Bunch takes issue with that characterization. "People get to comment on what their perceptions are," he says. "Did I know how to manage? I think so. My goal was to create an institution people really cared about, and I think I did that." Would he change anything about how he handled his fiscal responsibilities? "There are always things you can do to improve," Bunch says. "But on the whole, no."
Johnson diplomatically avoids any assignment of personal blame for the budget shortfall, saying instead, "The basic reason for the deficit is a reason a lot of museums share: they didn't have a business plan that supported the operations."
He's found ways to trim the budget-for instance, taking a pay cut from Bunch's salary, which had grown from $175,000 in 2001 to $220,000 by the time he left. "Lonnie's shtick was that he was a career museum manager," says an employee who asked not to be named. "The more money he made, the more prestige he had. This is a retirement career [for Johnson]; he has his own wealth."
Johnson declines to say by how much the president's salary has been slashed, and he appears embarrassed when confirming the cut as well as his request that trustees not give him a raise this year, quickly adding, "That doesn't make me a hero. I'm still the highest-paid guy around here. But I knew the sacrifice the rest of the staff had been making."
He has persuaded his former firm Jones Day, as well as Sidley Austin, to provide all the institution's legal services pro bono, saving CHM nearly $170,000 over 2004, the last year for which figures are available. He also fired the institution's Washington-based lobbyist, whose purpose, he says, was unclear, despite the fact that the organization's spending on lobbying had climbed from $48,500 in 2001 to $220,000 in 2004.
The deficit has been chipped down to less than $900,000, and Johnson and the trustees expect the institution to be back in the black by the next fiscal year, which begins July 1, 2007. But trimming expenses won't be enough to keep finances in line over the long haul. "The real issue is, can Gary and Russell and their colleagues find enough programs to make the museum stable on an operational basis?" Rowe says. "Cost cutting is easy; any damn fool knows how to do it. The challenge here is to take all these exciting things we have and tell stories that excite people."
One of CHM's big challenges is trying to get the thousands of schoolchildren who visit on field trips to come back with their parents; though 150,000 visitors pass through the doors each year, only 30,000 of them are paid admissions. The hope is that the state-of-the-art Children's Gallery will be a big draw for families. "Children are the decision-makers on the weekends," says Lynn McRainey, CHM's director of education as well as the project director of the Children's Gallery. "They're our best word of mouth."

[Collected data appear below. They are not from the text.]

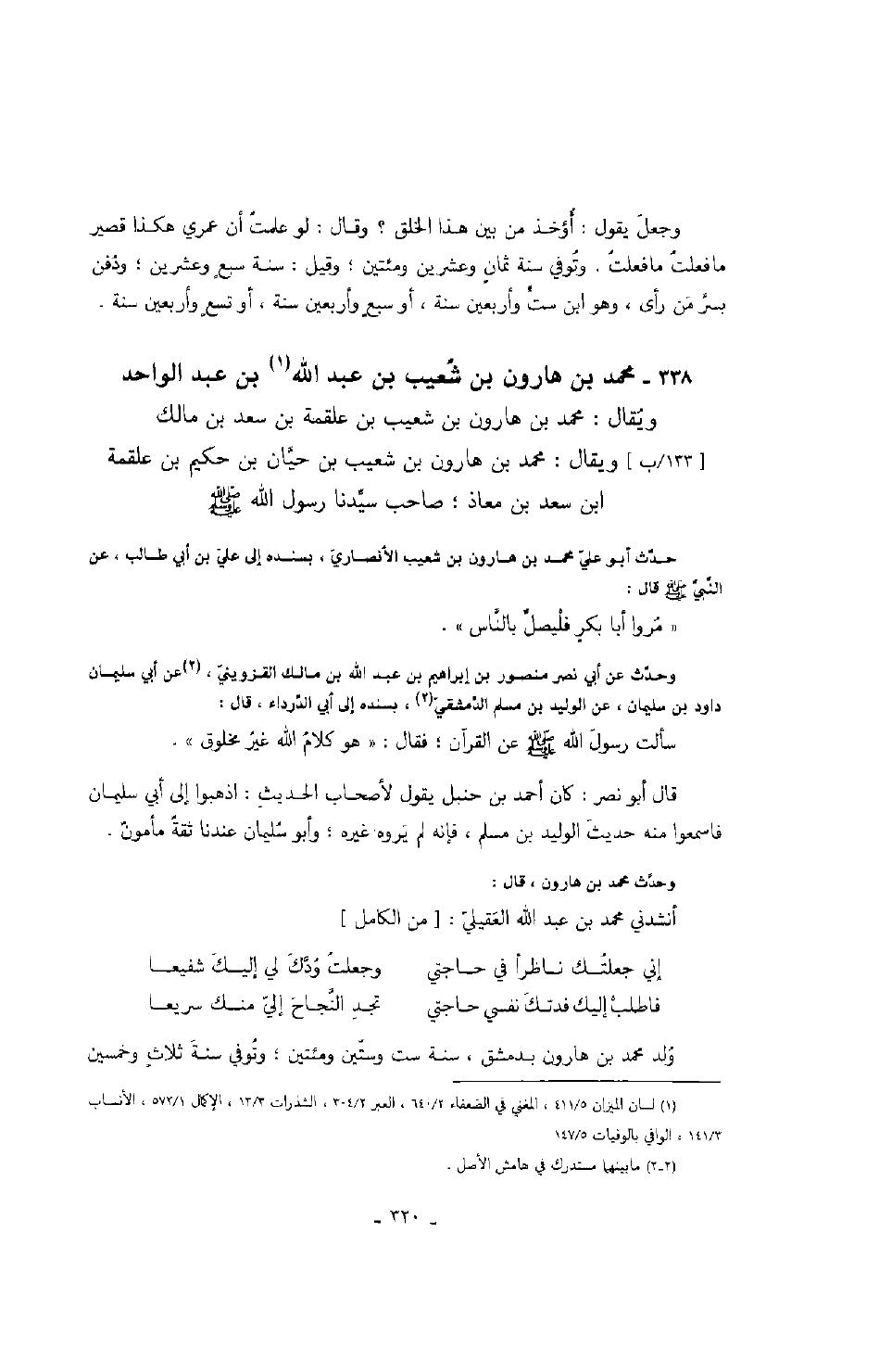 ابن عبد الله بن عبد الواحد ويقال: محمد بن هارون بن شعيب بن علقمة بن سعد بن مالك ويقال: محمد بن هارون بن شعيب بن حيان بن حكيم بن علقمة ابن سعد بن معاذ؛ صاحب سيدنا رسول الله صَلَّى اللهُ عَلَيْهِ وَسَلَّمَ حدث أبو علي محمد بن هارون بن شعيب الأنصاري، بسنده إلى علي بن أبي طالب، عن النبي صَلَّى اللهُ عَلَيْهِ وَسَلَّمَ قال: " مروا أبا بكرٍ فليصل بالناس ".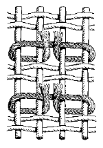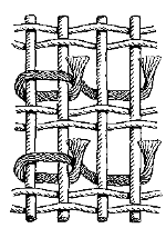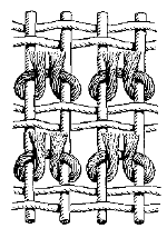 Jufti Knot Vastly inferior knot produced by tying the pile yarn around four or more warp strands, rather than the customary two. This increases the speed at which a rug can be woven but results in its being less compact and durable. Use of the jufti was rife in Persia and Pakistan, and are still made with it. These are usually other wise quite finely woven workshop rugs in which the weaver, to save time and money, has employed jufti knots on the single colored, unpatterned areas where a high knot count is not necessary to articulate the design. A simple method of telling whether a jufti knot has been used is to compare the horizontal knot count to the number or warps. If there are more than twice as many warps as there are knots, then the jufti knot has almost certainly been employed.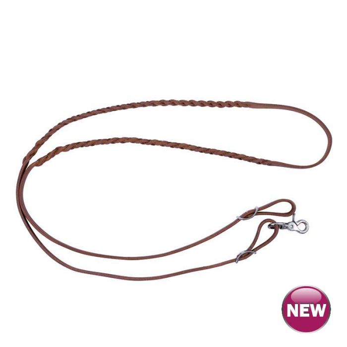 • Harness leather, 3 plait braided leather, with a scissor snap and Conway buckles.
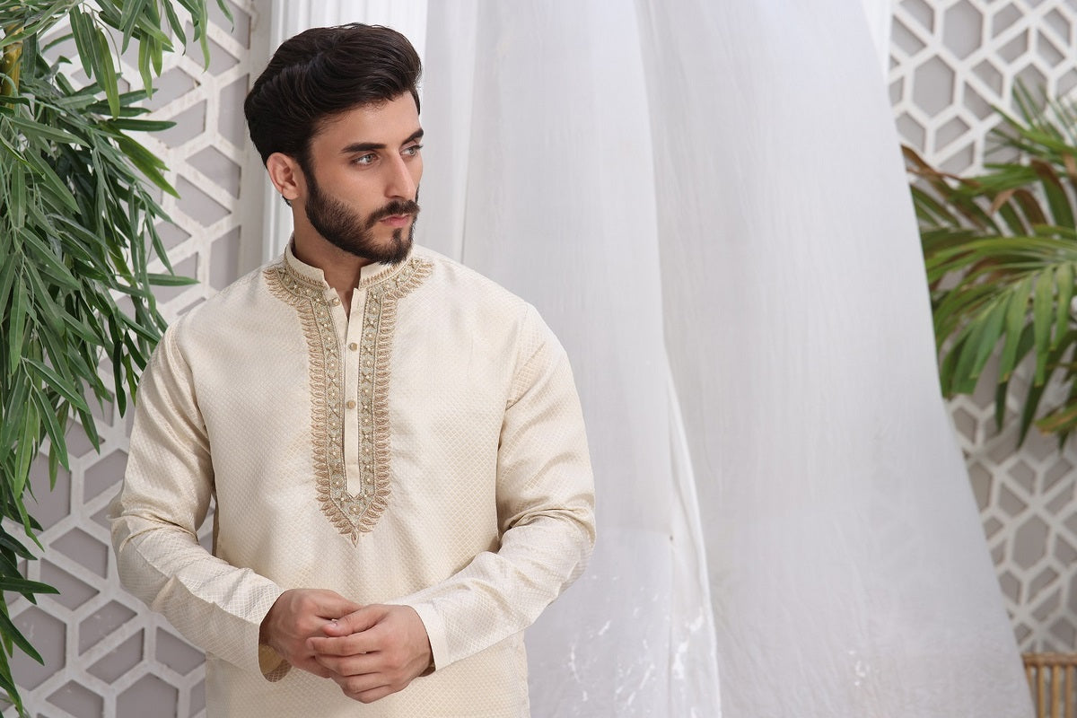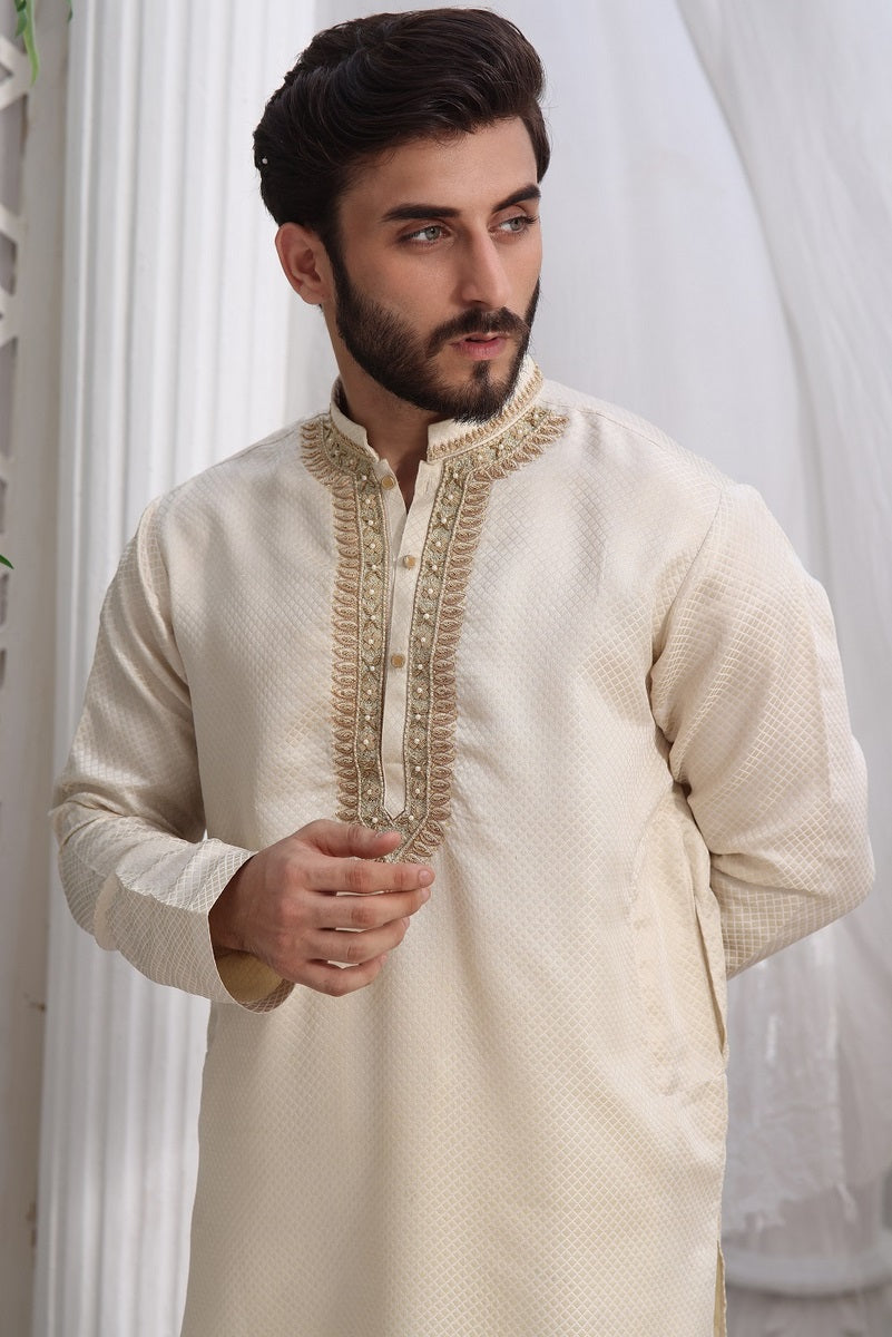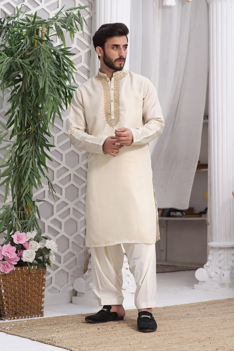 Men's Formal Kurta Shalwar with Hand Embroidery on Collar and Front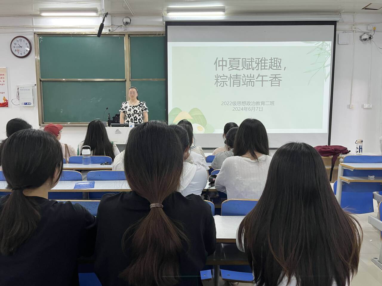 粽叶飘香,廉韵悠长。6月7日上午,在端午佳节来临之际,金年会jinnianhuicom2022级思想政治教育二班在社科楼514教室召开“仲夏赋雅趣,粽情端午香”主题团课。金年会官网2022级思想政治教育二班全体成员共同参与此次团课。团课由团支书李佳音主持。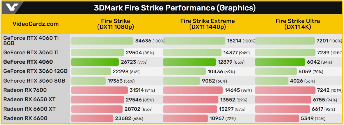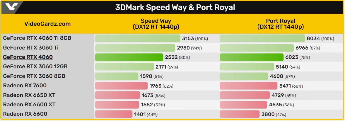 نتایج به دست آمده از اپلیکیشن 3DMark حاکی از آن است که کارت گرافیک RTX 4060 به طور متوسط 22.8 درصد از کارت گرافیک RTX 4060 نسخه ۱۲ گیگابایتی و 47.9 درصد سریعتر از نسخه ۸ گیگابایتی سریعتر عمل میکند.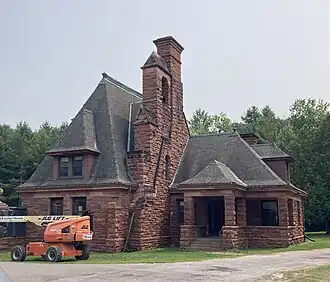 Bayside Cemetery and Gatehouse Complex is a historic cemetery and gatehouse located at Potsdam in St. Lawrence County, New York. The cemetery was established in 1865 and the gatehouse complex constructed in 1901. The gatehouse complex is a Châteauesque style, Late Victorian red Potsdam ashlar sandstone building. It includes a receiving room for the deceased and mourners, quarters for the cemetery custodial family, and a bell tower. The cemetery includes a number of notable structures and objects including the Clarkson mausoleum (1873), Morgan family obelisk, and Soldiers Monument (1903).[2]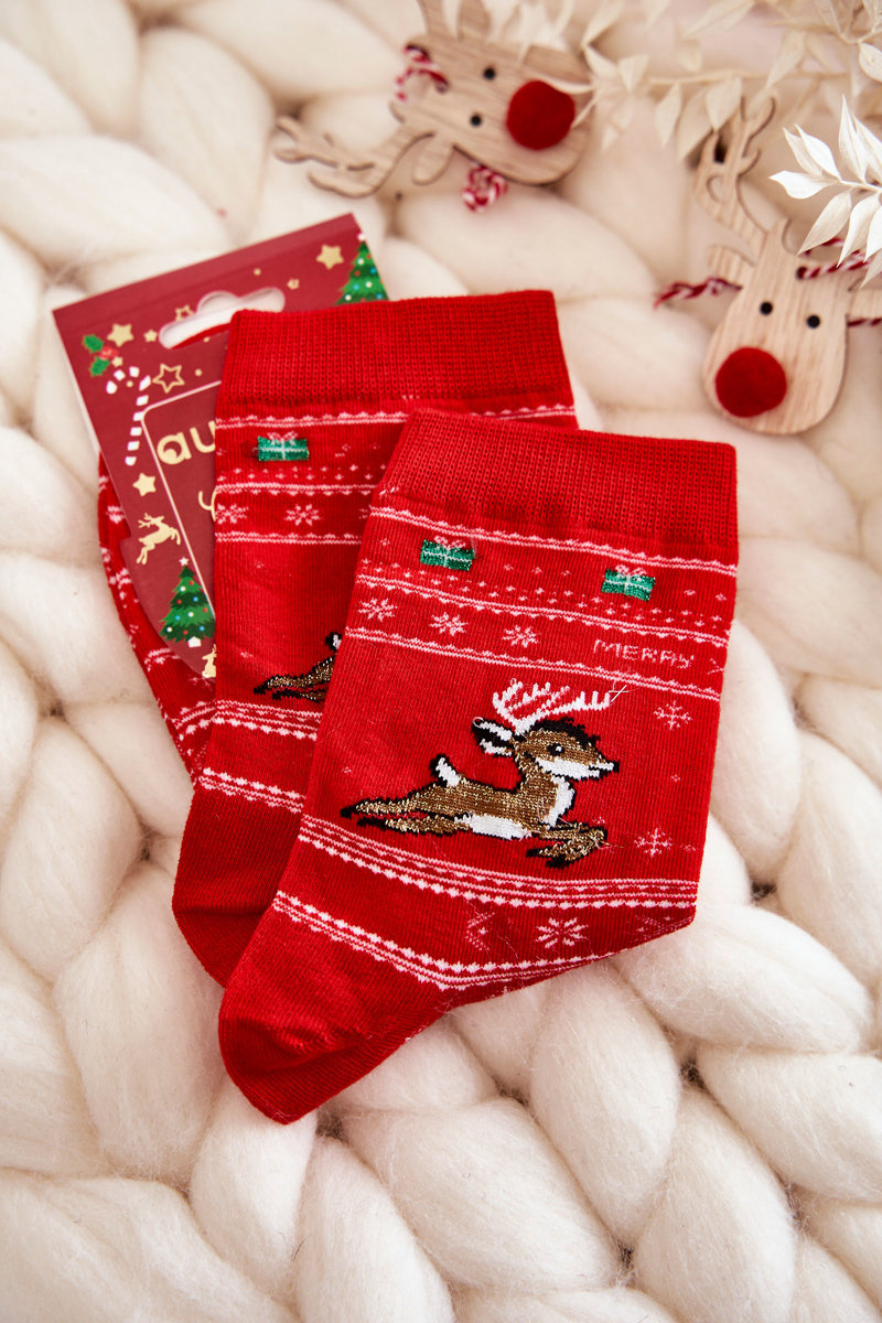 Damskie Bawełniane Świąteczne Skarpety Renifery Czerwone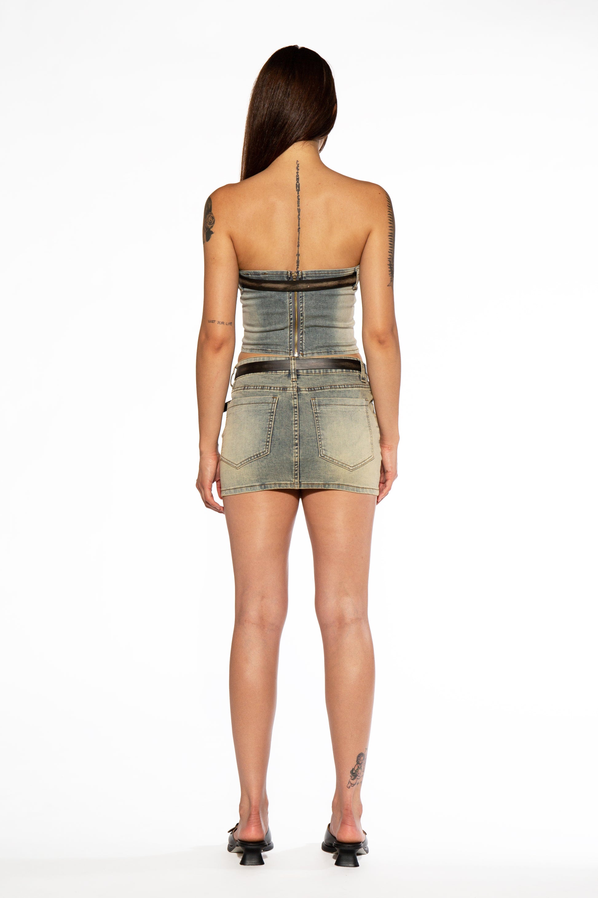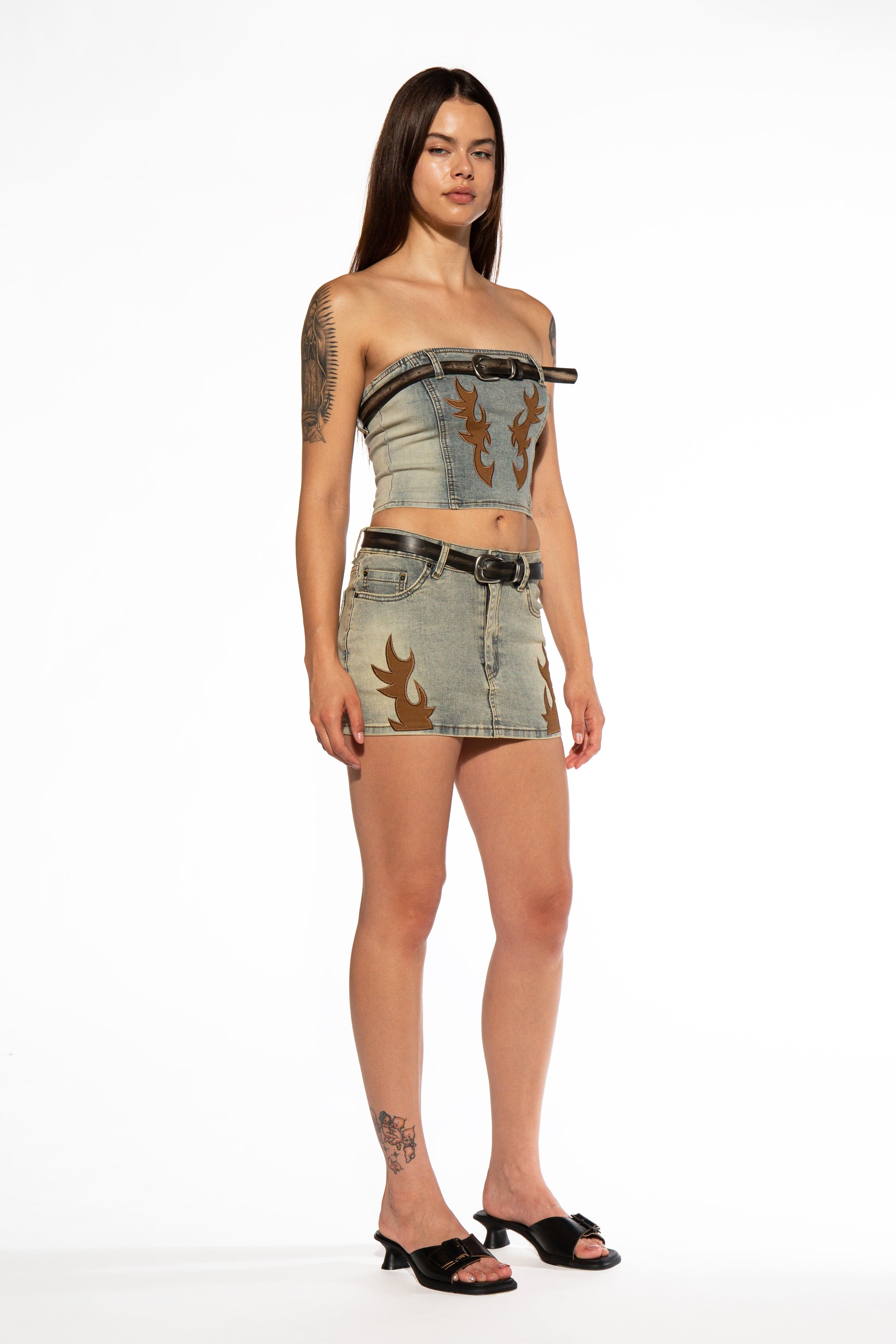 Western Patch Belted Denim Micro Mini Skirt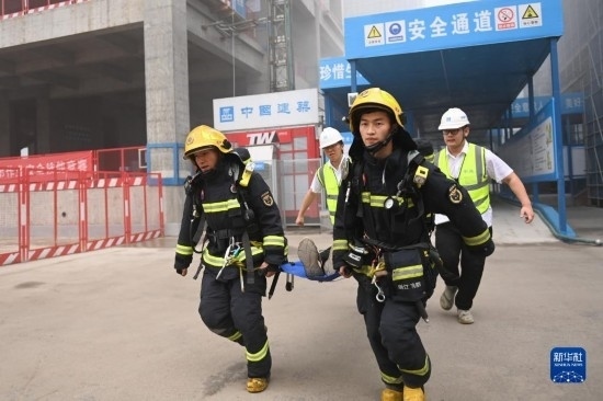 當(dāng)日,浙江省杭州市富陽區(qū)“安全生產(chǎn)月”消防應(yīng)急演練在中建三局富陽銀湖生物信息產(chǎn)業(yè)園項(xiàng)目工地啟動(dòng),現(xiàn)場進(jìn)行火災(zāi)撲救、人員施救等環(huán)節(jié)的演練,以提升安全生產(chǎn)應(yīng)急能力。

The museum is also wrestling with how to draw a more diverse audience. A study conducted by the Joyce Foundation in conjunction with the University of Chicago found that visitors to a dozen of the city's cultural venues-including the Chicago History Museum, the Art Institute, the Museum of Science and Industry, and the Field Museum-tend to be white, wealthy, and educated. Highest attendance rates, the study found, were among residents of the North Shore, Hyde Park, and the city's north lakefront; the lowest, from the predominantly African American areas on the West and South sides, as well as the racially mixed south, west, and northwest suburbs. "You want to be infinitely more powerful for African American and Hispanic school kids," Rowe says. But, he adds, the museum wants to attract all comers and more of them.
CHM unlocks the doors on September 30th in a grand reopening that includes a performance by Jeff Tweedy, the first in a new series of monthly concerts cosponsored by CHM and WXRT on Uihlein Plaza on the east side of the building. The members of Amistad, the car club, plan to be there for the unveiling of their work, which Pedro Cisneros hopes will have an appeal that crosses ethnic boundaries. "I think it will especially bring in the youth," Cisneros says. "The youth is very important, not just Latino, but black and white too. We're trying to open new doors."